The bulk of this tutorial discusses executing python code in Jupyter notebooks. You can also use Jupyter notebooks to execute R code. Skip down to the [R section] for more information on using IRkernel with Jupyter notebooks and graphing examples.

Package Management

When installing packages in Jupyter, you either need to install the package in your actual shell, or run the ! prefix, e.g.:

!pip install packagename

You may want to reload submodules if you've edited the code in one. IPython comes with automatic reloading magic. You can reload all changed modules before executing a new line.

%load_ext autoreload
%autoreload 2

Some useful packages that we'll use in this tutorial include:

  • Pandas: import data via a url and create a dataframe to easily handle data for analysis and graphing. See examples of using Pandas here: https://plot.ly/pandas/.
  • NumPy: a package for scientific computing with tools for algebra, random number generation, integrating with databases, and managing data. See examples of using NumPy here: https://plot.ly/numpy/.
  • SciPy: a Python-based ecosystem of packages for math, science, and engineering.
  • Plotly: a graphing library for making interactive, publication-quality graphs. See examples of statistic, scientific, 3D charts, and more here: https://plot.ly/python.
In [ ]:
import pandas as pd
import numpy as np
import scipy as sp
import plotly.plotly as py

Import Data

You can use pandas read_csv() function to import data. In the example below, we import a csv hosted on github and display it in a table using Plotly:

In [6]:
import plotly.plotly as py
import plotly.figure_factory as ff
import pandas as pd

df = pd.read_csv("https://raw.githubusercontent.com/plotly/datasets/master/school_earnings.csv")

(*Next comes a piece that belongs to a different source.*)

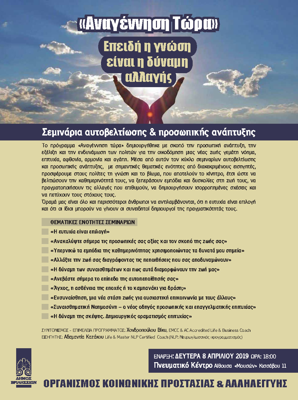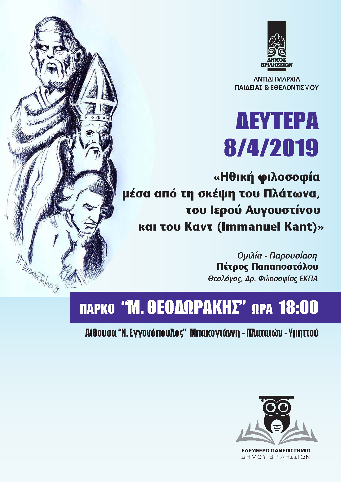 Σάββατο & Kυριακή 6-7 Απριλίου Η Πρόεδρος του Πολιτιστικού & Αθλητικού Οργανισμού του Δήμου Βριλησσίων και ο υπεύθυνος του Α΄ Εργαστηρίου Ζωγραφικής Ενηλίκων Δημήτρης Σκλείδης σας προσκαλούν στην Έκθεση…

table = ff.create_table(df)
py.iplot(table, filename='jupyter/table1')
Out[6]:

Use dataframe.column_title to index the dataframe:

In [7]:
schools = df.School
schools[0]
Out[7]:
'MIT'

Most pandas functions also work on an entire dataframe. For example, calling std() calculates the standard deviation for each column.

In [8]:
df.std()
Out[8]:
Women    12.813683
Men      25.705289
gap      14.137084
dtype: float64

Plotting Inline

You can use Plotly's python API to plot inside your Jupyter Notebook by calling plotly.plotly.iplot() or plotly.offline.iplot() if working offline. Plotting in the notebook gives you the advantage of keeping your data analysis and plots in one place. Now we can do a bit of interactive plotting. Head to the Plotly getting started page to learn how to set your credentials. Calling the plot with iplot automaticallly generates an interactive version of the plot inside the Notebook in an iframe. See below:

In [9]:
import plotly.plotly as py
from plotly.graph_objs import *

data = [Bar(x=df.School,
            y=df.gap)]

py.iplot(data, filename='jupyter/basic_bar')
Out[9]:

Plotting multiple traces and styling the chart with custom colors and titles is simple with Plotly syntax. Additionally, you can control the privacy with sharing set to public, private, or secret.

In [10]:
import plotly.plotly as py
from plotly.graph_objs import *

trace_women = Bar(x=df.School,
                  y=df.Women,
                  name='Women',
                  marker=dict(color='#ffcdd2'))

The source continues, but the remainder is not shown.